## Activity
Below are records; the lines starting at the one with "В комплектацию входит: встроенная" and ending at the one with "兰州火山引擎代理商:如何用火山引擎优化兰州气象计算?" must be reproduced exactly, both included. Pictures must not appear.
*** Input data
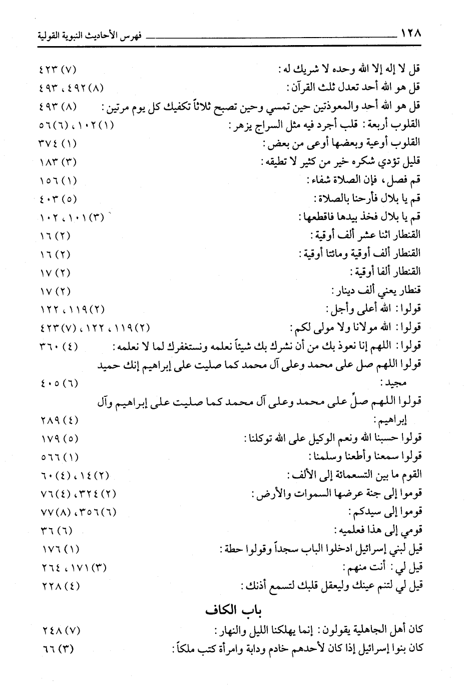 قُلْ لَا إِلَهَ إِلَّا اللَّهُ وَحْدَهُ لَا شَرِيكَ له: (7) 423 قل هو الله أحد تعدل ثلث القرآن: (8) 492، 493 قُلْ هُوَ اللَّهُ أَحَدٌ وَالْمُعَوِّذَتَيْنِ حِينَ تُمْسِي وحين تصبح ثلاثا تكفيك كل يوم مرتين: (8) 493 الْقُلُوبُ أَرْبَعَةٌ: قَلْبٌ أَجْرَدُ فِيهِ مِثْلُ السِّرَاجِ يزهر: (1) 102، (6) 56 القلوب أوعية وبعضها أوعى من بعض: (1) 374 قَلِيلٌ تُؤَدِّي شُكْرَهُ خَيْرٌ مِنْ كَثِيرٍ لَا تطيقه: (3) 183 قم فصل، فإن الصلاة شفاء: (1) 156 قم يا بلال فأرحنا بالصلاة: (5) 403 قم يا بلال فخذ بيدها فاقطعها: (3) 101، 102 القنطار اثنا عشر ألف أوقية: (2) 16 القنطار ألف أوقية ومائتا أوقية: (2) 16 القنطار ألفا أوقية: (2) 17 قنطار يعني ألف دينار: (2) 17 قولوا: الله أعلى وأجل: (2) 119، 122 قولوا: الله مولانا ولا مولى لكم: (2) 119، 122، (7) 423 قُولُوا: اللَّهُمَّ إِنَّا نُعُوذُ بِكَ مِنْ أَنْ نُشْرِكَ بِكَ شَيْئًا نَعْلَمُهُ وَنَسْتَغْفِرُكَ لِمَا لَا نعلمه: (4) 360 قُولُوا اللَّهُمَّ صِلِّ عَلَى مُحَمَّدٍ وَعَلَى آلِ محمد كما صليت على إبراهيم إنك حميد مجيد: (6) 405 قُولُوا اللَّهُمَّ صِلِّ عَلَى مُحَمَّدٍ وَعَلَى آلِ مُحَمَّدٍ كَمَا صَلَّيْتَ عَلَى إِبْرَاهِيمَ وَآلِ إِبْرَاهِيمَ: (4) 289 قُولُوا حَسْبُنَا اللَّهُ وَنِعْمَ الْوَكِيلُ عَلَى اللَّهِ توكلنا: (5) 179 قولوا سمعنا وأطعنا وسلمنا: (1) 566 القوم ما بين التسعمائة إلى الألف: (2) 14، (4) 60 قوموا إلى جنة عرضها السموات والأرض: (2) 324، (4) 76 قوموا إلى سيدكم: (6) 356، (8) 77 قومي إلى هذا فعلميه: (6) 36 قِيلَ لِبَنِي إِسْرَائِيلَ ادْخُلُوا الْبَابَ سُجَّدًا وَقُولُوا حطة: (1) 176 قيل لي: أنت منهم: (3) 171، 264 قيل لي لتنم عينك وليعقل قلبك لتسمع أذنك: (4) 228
******
*** Input data
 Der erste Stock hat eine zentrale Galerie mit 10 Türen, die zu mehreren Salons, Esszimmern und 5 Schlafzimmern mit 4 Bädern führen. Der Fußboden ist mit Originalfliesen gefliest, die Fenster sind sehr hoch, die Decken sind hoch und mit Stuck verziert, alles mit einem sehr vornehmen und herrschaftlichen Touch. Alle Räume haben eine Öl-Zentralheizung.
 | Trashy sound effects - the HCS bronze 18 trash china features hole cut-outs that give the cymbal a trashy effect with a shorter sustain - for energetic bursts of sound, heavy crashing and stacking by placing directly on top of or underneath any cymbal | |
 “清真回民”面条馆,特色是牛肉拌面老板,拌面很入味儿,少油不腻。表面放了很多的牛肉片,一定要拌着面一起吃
******
*** Input data
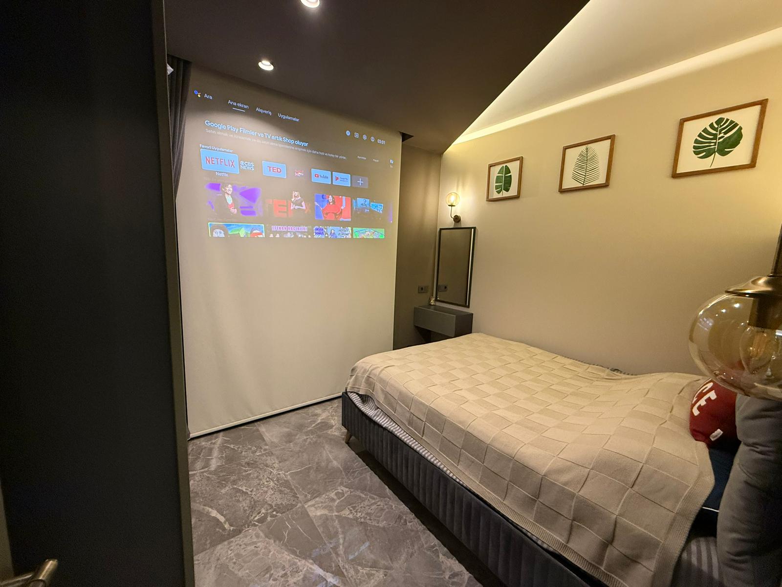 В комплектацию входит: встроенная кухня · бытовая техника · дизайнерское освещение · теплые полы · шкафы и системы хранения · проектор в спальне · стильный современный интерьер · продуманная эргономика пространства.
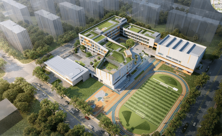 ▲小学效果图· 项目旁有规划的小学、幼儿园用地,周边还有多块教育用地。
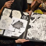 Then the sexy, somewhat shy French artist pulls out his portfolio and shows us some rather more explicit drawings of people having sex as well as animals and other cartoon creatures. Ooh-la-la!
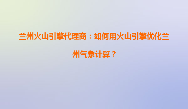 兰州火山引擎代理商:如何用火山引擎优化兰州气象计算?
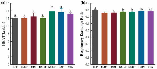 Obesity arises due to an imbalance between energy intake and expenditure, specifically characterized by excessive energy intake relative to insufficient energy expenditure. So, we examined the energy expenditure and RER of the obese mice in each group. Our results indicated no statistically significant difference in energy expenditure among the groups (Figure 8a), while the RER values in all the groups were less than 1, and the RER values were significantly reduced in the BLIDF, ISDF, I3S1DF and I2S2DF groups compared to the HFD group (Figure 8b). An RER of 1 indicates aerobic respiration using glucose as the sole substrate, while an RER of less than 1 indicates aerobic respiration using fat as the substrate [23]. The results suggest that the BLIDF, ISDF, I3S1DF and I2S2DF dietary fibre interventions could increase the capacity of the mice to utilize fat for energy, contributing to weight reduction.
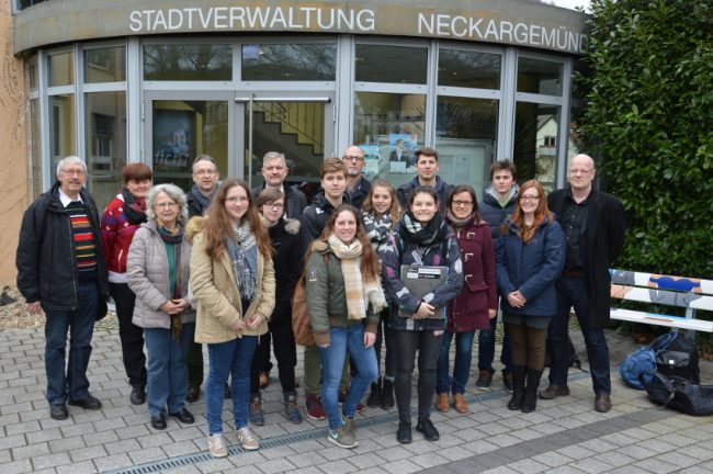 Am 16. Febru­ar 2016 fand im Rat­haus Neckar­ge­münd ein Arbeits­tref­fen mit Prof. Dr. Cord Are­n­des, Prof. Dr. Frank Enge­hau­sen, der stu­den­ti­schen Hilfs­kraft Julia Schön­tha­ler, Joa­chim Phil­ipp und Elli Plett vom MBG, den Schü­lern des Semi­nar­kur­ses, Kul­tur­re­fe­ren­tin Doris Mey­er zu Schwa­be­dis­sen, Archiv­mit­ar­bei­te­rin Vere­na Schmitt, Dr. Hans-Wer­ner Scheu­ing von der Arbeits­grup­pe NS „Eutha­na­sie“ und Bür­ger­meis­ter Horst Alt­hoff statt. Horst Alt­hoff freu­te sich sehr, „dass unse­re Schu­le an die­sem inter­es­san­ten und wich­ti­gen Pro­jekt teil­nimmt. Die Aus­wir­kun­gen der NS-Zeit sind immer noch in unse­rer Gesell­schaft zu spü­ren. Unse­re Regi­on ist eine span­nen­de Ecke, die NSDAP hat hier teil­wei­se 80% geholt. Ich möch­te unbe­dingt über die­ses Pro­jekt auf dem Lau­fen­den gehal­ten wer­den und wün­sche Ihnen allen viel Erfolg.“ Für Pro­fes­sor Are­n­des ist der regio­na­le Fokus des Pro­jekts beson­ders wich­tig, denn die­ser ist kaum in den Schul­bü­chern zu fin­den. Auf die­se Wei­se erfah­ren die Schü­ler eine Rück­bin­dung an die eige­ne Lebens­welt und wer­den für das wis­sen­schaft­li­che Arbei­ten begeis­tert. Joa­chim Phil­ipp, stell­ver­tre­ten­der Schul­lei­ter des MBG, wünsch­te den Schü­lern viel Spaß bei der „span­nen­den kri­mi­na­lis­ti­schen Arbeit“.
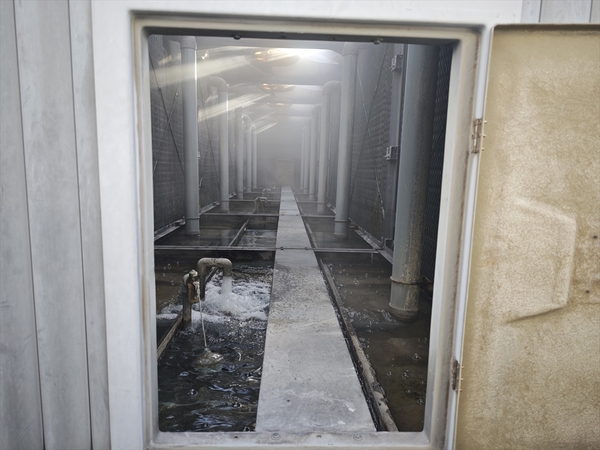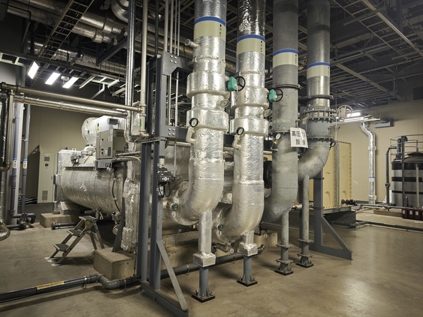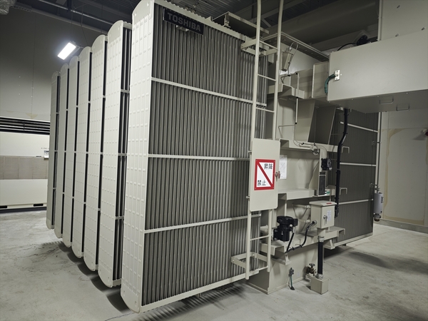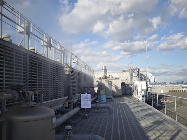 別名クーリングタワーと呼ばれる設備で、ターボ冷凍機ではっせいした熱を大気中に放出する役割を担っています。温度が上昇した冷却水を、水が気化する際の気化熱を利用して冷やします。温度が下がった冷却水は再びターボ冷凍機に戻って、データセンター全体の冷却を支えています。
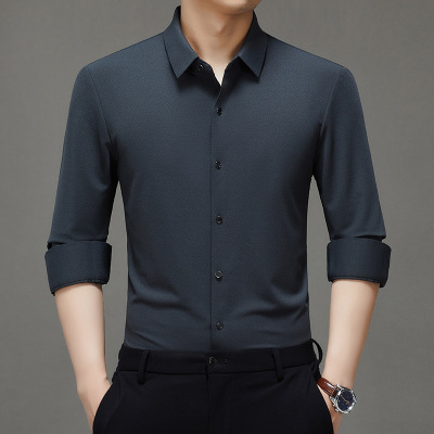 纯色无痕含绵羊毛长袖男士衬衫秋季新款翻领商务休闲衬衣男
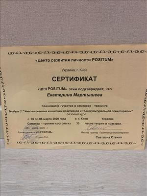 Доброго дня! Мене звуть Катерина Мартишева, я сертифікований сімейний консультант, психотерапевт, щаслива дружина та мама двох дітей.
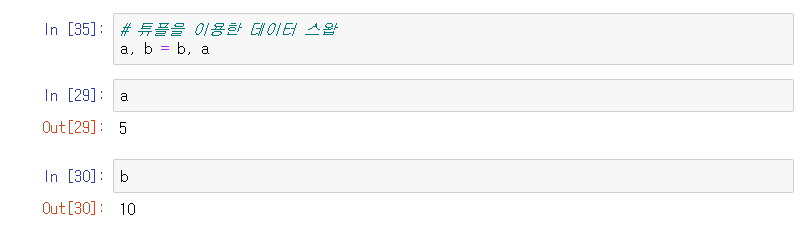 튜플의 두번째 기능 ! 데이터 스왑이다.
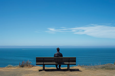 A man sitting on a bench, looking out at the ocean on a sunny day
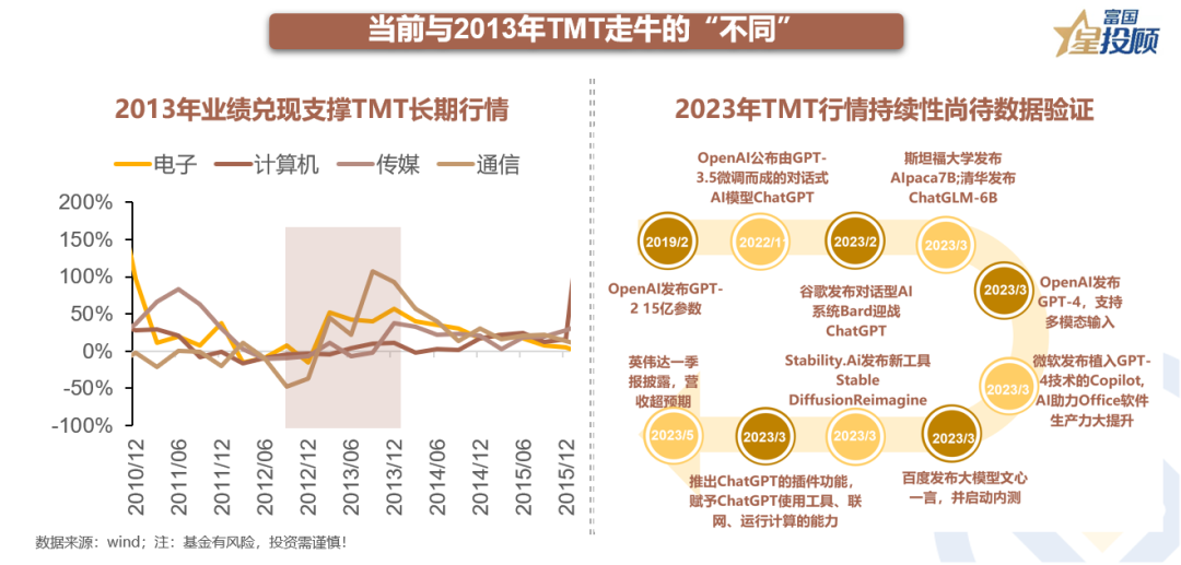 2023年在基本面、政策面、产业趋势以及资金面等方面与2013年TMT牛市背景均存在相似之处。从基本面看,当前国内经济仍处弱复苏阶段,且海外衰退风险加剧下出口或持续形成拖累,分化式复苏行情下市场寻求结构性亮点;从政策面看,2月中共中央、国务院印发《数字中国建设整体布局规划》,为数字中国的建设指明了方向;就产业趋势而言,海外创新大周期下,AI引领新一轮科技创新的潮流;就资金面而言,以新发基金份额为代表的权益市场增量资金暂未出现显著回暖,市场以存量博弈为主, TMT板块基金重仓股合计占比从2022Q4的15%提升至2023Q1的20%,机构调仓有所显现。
******
## Response to this task
 В комплектацию входит: встроенная кухня · бытовая техника · дизайнерское освещение · теплые полы · шкафы и системы хранения · проектор в спальне · стильный современный интерьер · продуманная эргономика пространства.
 ▲小学效果图· 项目旁有规划的小学、幼儿园用地,周边还有多块教育用地。
 Then the sexy, somewhat shy French artist pulls out his portfolio and shows us some rather more explicit drawings of people having sex as well as animals and other cartoon creatures. Ooh-la-la!
 兰州火山引擎代理商:如何用火山引擎优化兰州气象计算?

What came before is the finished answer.